Devices and Consumer
Now, on to the good news. Surface revenue is up by 44 percent to $713 million, thanks to the popularity of the Surface Pro 3 hybrid. Based on the generated revenue, unit sales are likely to be well below 1.5 million units. Microsoft hasn't revealed an official sales figure for any Surface model it sells.
It'll be interesting to see what sort of impact the newly-announced Surface 3 will have on the Surface revenue for Q4 FY2014. We'll have to wait three months to find out. In the meantime, however, we can expect its rivals to tout much higher tablet revenue and unit sales for the same quarter. That said, with a weaker tablet market, Microsoft has a chance to catch up in the long run, assuming its Surface slates keep on generating higher year-over-year revenue.
On the phone side, Microsoft has shifted 24.7 million phones -- non-Lumia-branded -- and 8.6 million Lumia Windows Phones. The former figure is down, as consumers are moving from feature phones to smartphones, while the latter is up 18 percent year-over-year.
Even with an increase in unit sales, Microsoft -- which dominates the Windows Phone market -- remains a modest player in the smartphone market. These numbers continue to disappoint in the grand scheme of things, as the market is growing much faster than Microsoft can manage.
Search advertising revenue is also up by 21 percent, due to a higher volume of searches and revenue per search. Bing has risen in popularity by 150 basis points year-over-year, reaching a market share of 20.1 percent in US. The gains, however, do not come from Google Search, which continues to lead the pack, but rather from lesser players.
To round up the Devices and Consumer side of things, Xbox Live usage has grown by over 30 percent, with a higher number of users and deeper engagement being the primary reasons for this. Revenue from games is also up, by 49 percent, thanks in no small part to Minecraft.
Commercial Side
Cloud revenue is up by a whopping 106 percent, with the primary drivers being Azure, Dynamics CRM Online and Office 365. For Microsoft, it's a $6.3 billion a year venture. Here are some interesting tidbits.

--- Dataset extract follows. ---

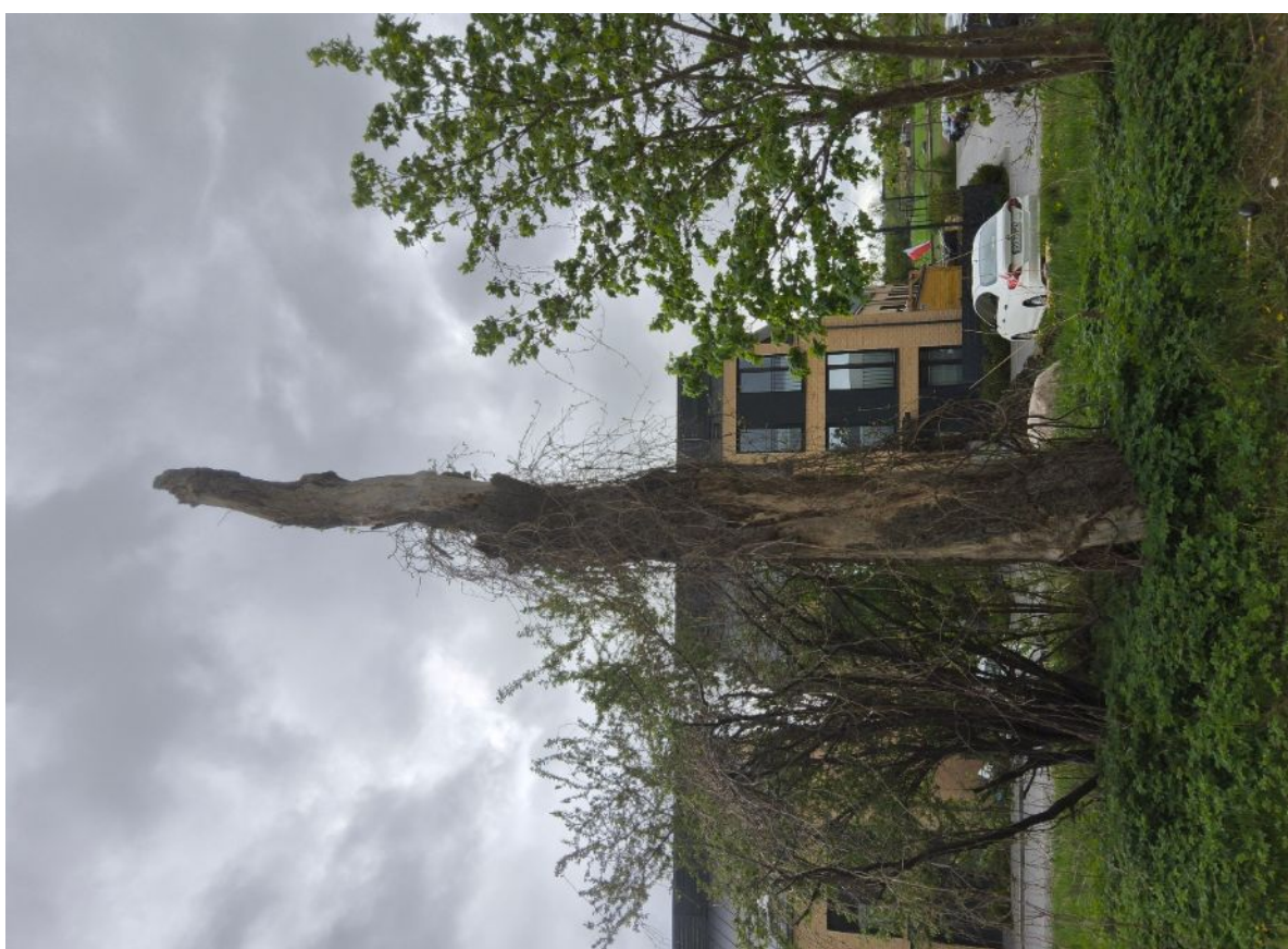
Dokumentacja fotograficzna drzewa

The usage of Azure compute, by customers, has more than doubled. More than two out of three Dynamics CRM customers opt for cloud deployments. Premium workloads make up more than 50 percent of the Office 365 installed base, a rise of 10 percentage points year-over-year. Also, there are 70 percent more Enterprise Mobility customers (over 13,000), which is 700 percent increase year-over-year.

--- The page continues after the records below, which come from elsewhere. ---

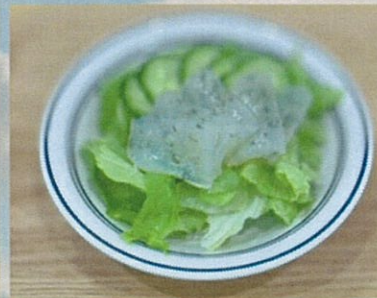
日替わりサラダ 100円
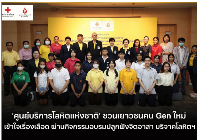
'ศูนย์บริการโลหิตแห่งชาติ' ชวนเยาวชนคน Gen ใหม่ เข้าใจเรื่องเลือด ผ่านกิจกรรมอบรมปลูกฝังจิตอาสา บริจาคโลหิตฯ
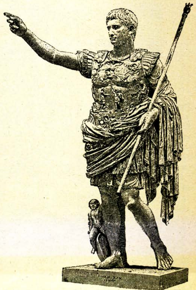
Статуя на императоръ Августа

Revenue from Server products and services is up by 12 percent (revenue from Server products alone has grown by 10 percent). The premium versions of Windows Server, System Center Service and SQL Servers have grown by 25 percent.

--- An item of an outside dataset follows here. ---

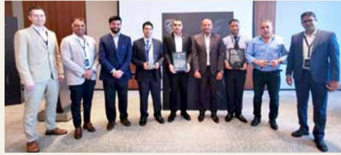
أثناء تسلم الجوائز

على هامس الجائزتين المهمتين اللتين تعتبران دليلاً على حرص موترسيتي على الحفاظ على تميز مختلف علاماتها خصوصاً فيما يتعلق بخدمة عملائها في البحرين. إن ما يزيد من أهمية هذه الجوائز هو استلامها بفترة قصيرة من حصولنا على وكالة علامة بيجو في البحرين في الربع الأخير من العام الماضي 2020. نتمن على ثقة Stellantis الشرق الأوسط بقدراتنا، وسنواصل تطوير أعمالنا لتحقيق مزيد من الإنجازات والنجاحات."

"Customers continue to choose Microsoft to transform their business and as a result we saw incredible growth across our cloud services this quarter", says Microsoft CEO Satya Nadella. "Next week at Build we're excited to share more about how we're empowering every individual and organization on the planet to achieve more with the next generation of our platforms".
Based on the aforementioned figures, Microsoft's "cloud first, mobile first" mantra seems to be more like 'cloud first because that's where the money's at, and mobile first because that's what will help us get there'. The strong cloud revenue is certainly more promising than the revenue generated by the software giant's mobile endeavors.